About this exercise:
Using the listing below, retype exactly the lines starting at the one with "ฝังท่อ PVC ขนาด" and ending at the one with "Курсивом на сером", and include both.

Input records:
────────────────

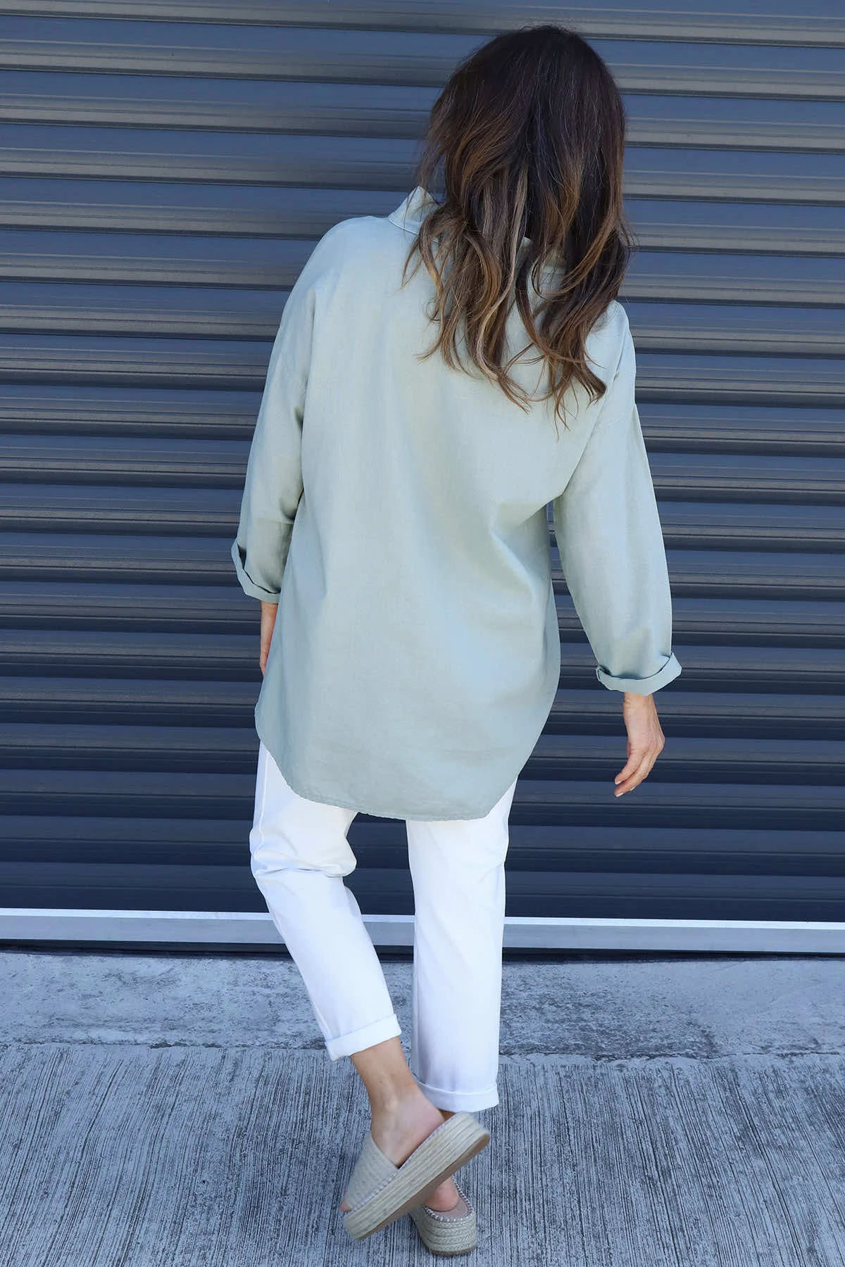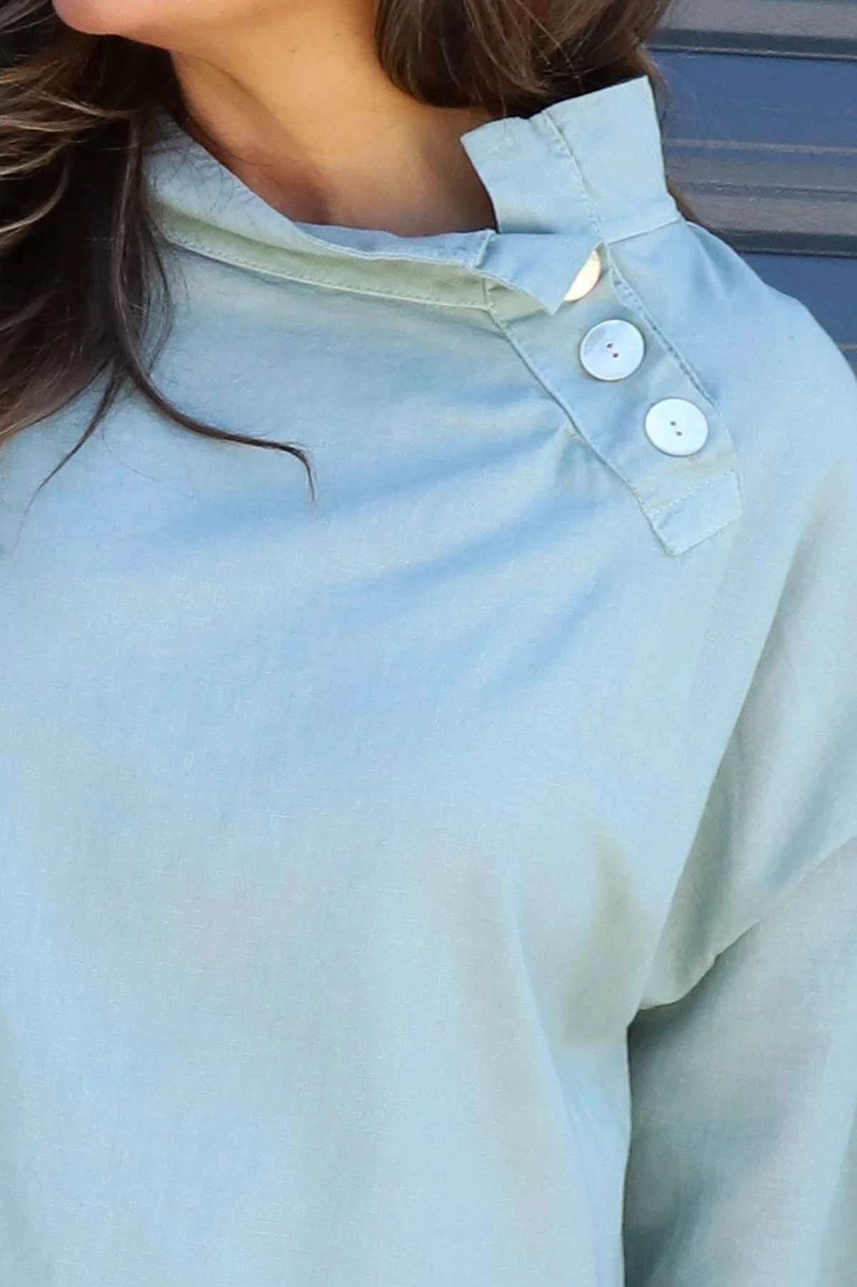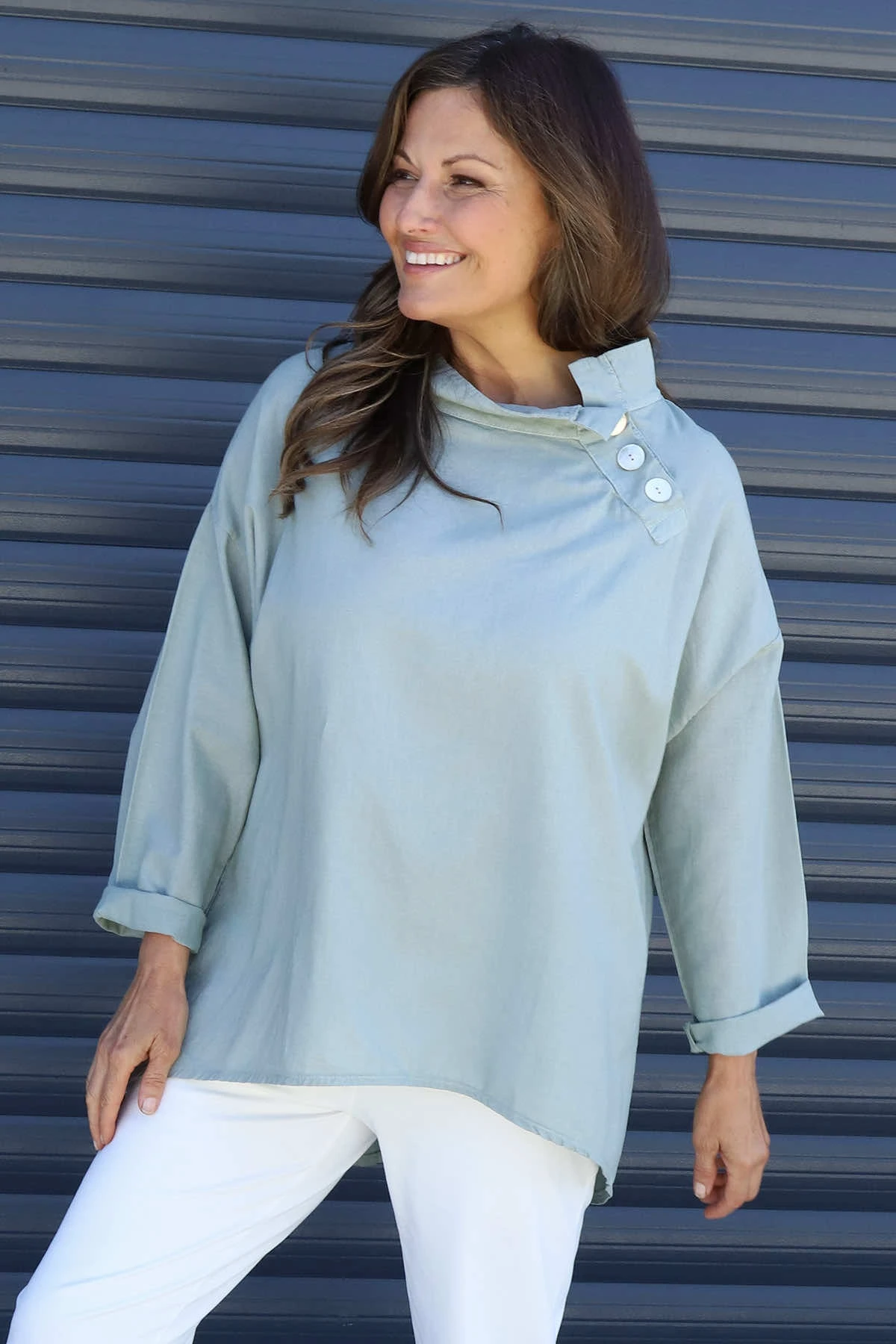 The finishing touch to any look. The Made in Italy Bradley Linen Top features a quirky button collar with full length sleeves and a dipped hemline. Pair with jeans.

────────────────

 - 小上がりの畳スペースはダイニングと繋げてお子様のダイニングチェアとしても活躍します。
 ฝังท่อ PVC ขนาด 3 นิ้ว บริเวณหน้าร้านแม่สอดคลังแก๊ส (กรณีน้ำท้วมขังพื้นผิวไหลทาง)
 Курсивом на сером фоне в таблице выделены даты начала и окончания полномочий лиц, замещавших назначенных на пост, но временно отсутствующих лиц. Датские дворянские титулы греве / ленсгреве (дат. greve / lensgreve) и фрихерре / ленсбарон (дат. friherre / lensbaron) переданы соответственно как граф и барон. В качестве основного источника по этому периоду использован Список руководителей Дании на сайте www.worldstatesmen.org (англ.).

────────────────

Your solution:
 ฝังท่อ PVC ขนาด 3 นิ้ว บริเวณหน้าร้านแม่สอดคลังแก๊ส (กรณีน้ำท้วมขังพื้นผิวไหลทาง)
 Курсивом на сером фоне в таблице выделены даты начала и окончания полномочий лиц, замещавших назначенных на пост, но временно отсутствующих лиц. Датские дворянские титулы греве / ленсгреве (дат. greve / lensgreve) и фрихерре / ленсбарон (дат. friherre / lensbaron) переданы соответственно как граф и барон. В качестве основного источника по этому периоду использован Список руководителей Дании на сайте www.worldstatesmen.org (англ.).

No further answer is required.